▸ To do: Restate the whole listing below word for word and keep the images out.
[[ Data, beginning ]]
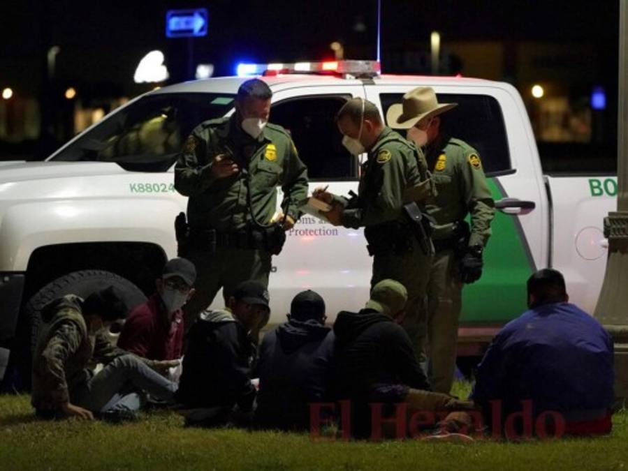 Un vehículo de la Oficina de Aduanas y Protección Fronteriza de EE. UU. Se ve junto a los migrantes después de que fueron detenidos y puestos bajo custodia. 22/03/2021 - 00:003 / 14 -
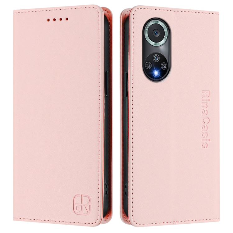 Funda de Cuero con Doble Pliegue y Succión Magnética RFID para Honor 50 Pro Rc01 (Rosa)
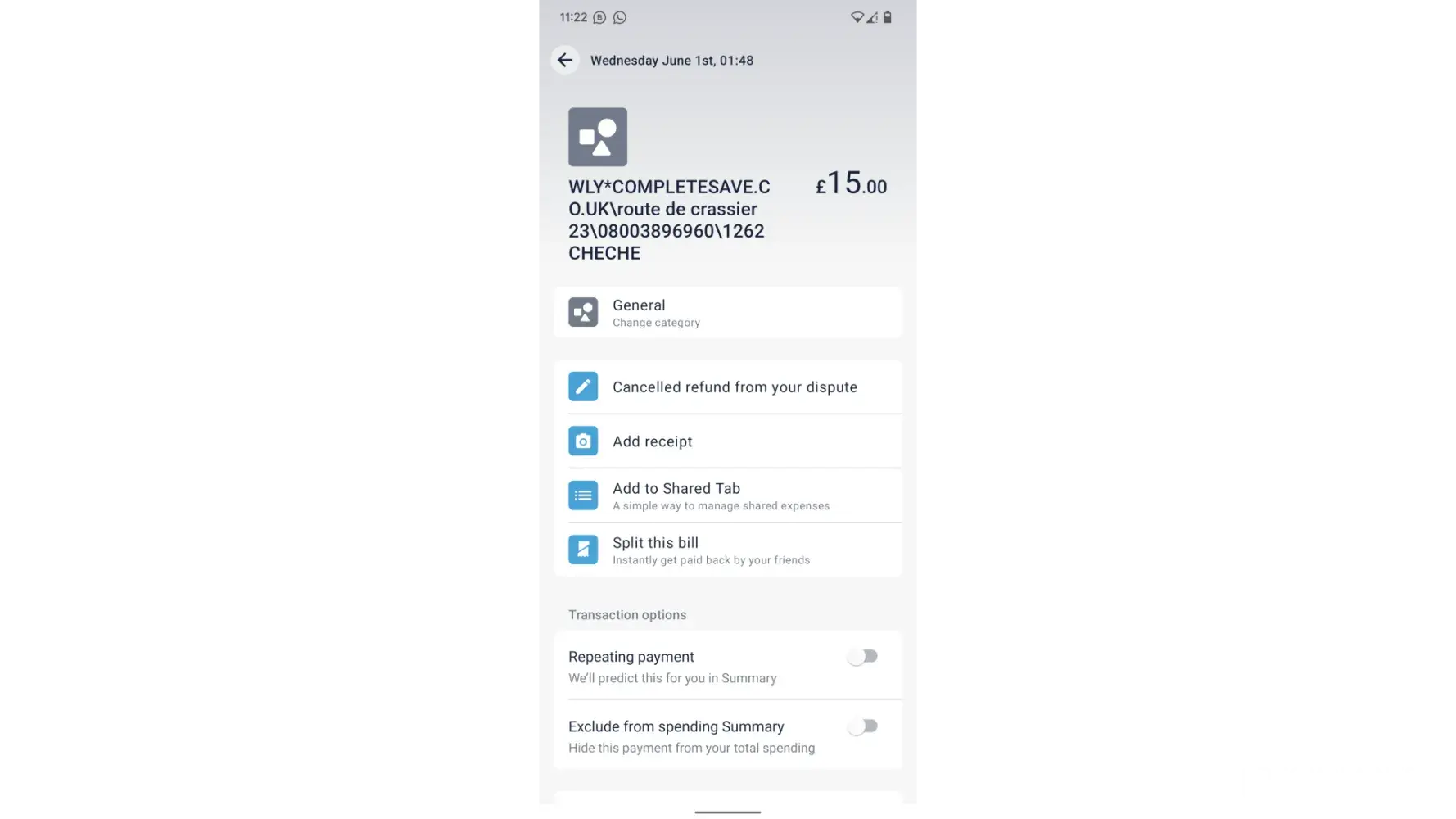 Disputed the transaction and got a refund of 15 pound back but the refunded dispute amount was taken back on June 1 Wednesday 2022.I think it's not fair as I'am not sure on what basis the money was withdrawn from my account.I believe I should get a refund and the money is taken without any consent.It would be great if I can get the refund ASAP
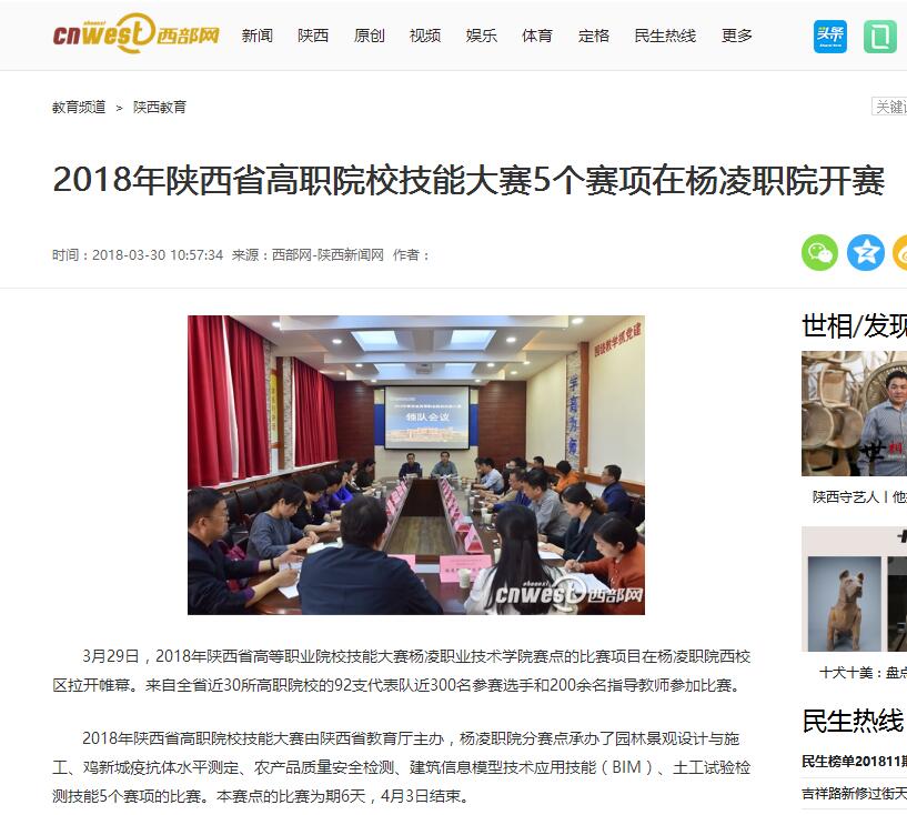 2018年陕西省高职院校技能大赛由陕西省教育厅主办,杨凌职院分赛点承办了园林景观设计与施工、鸡新城疫抗体水平测定、农产品质量安全检测、建筑信息模型技术应用技能(BIM)、土工试验检测技能5个赛项的比赛。本赛点的比赛为期6天,4月3日结束。
[[ Data, end ]]
▸ Task answer:
 Un vehículo de la Oficina de Aduanas y Protección Fronteriza de EE. UU. Se ve junto a los migrantes después de que fueron detenidos y puestos bajo custodia. 22/03/2021 - 00:003 / 14 -
 Funda de Cuero con Doble Pliegue y Succión Magnética RFID para Honor 50 Pro Rc01 (Rosa)
 Disputed the transaction and got a refund of 15 pound back but the refunded dispute amount was taken back on June 1 Wednesday 2022.I think it's not fair as I'am not sure on what basis the money was withdrawn from my account.I believe I should get a refund and the money is taken without any consent.It would be great if I can get the refund ASAP
 2018年陕西省高职院校技能大赛由陕西省教育厅主办,杨凌职院分赛点承办了园林景观设计与施工、鸡新城疫抗体水平测定、农产品质量安全检测、建筑信息模型技术应用技能(BIM)、土工试验检测技能5个赛项的比赛。本赛点的比赛为期6天,4月3日结束。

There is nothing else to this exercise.